Nella formazione pre-laurea, un curriculum deve riflettere tre realtà fondamentali della pratica clinica: primo, l’obiettivo della formazione farmaceutica è quello di preparare gli studenti per essere capaci di usare le loro conoscenze cliniche per risolvere problemi in rapporto con la salute dei pazienti e allo stesso tempo bilanciare in modo intelligente l’assegnazione delle risorse; secondo, poiché le conoscenze su cui si basa la pratica clinica sono straordinariamente abbondanti, gli studenti dovranno formarsi per estrarre informazioni in modo rapido per ottenere i dati necessari per il trattamento del paziente; terzo, poiché le conoscenze che sono alla base della pratica clinica sono sottoposte a costanti cambiamenti, gli studenti devono essere formati per mantenersi aggiornati durante la loro vita professionale.

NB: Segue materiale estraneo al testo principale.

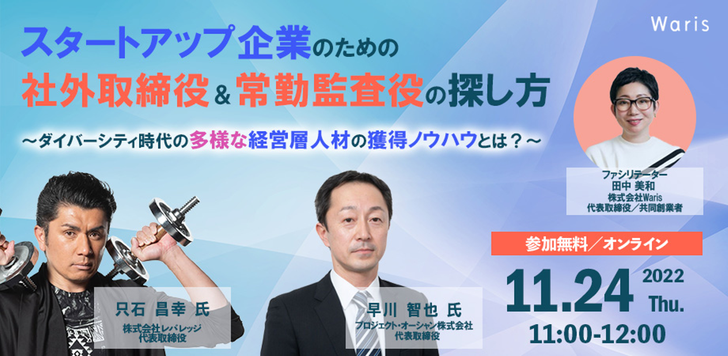 2022年11月24日に開催したWaris主催ウェビナー「スタートアップ企業のための社外取締役&常勤監査役の探し方」の開催レポートをお届けします。

Queste tre realtà hanno una profonda implicazione nei metodi educativi. In primo luogo le materie che si svolgono nei corsi devono rivolgersi a stabilire le base teoriche della disciplina che si impara e non alla memorizzazione dei dettagli informativi. I fatti sono in continuo cambiamento e gli studenti hanno bisogno di una solida struttura sulla quale poter integrare le conoscenze che cambiano nel tempo. In secondo luogo gli argomenti che si insegnano a scuola devono includere esempi della loro applicazione sul mondo reale in modo che gli studenti possano vedere come i principi e le conoscenze sono applicati nella pratica. In terzo luogo, gli studenti devono lavorare in piccoli gruppi o seminari praticando le conoscenze imparate nella soluzione di problemi clinici.

L’obiettivo è in definitiva quello di potenziare il corso al fine di formare farmacisti pronti per il futuro, pronti per la phamaceutical care.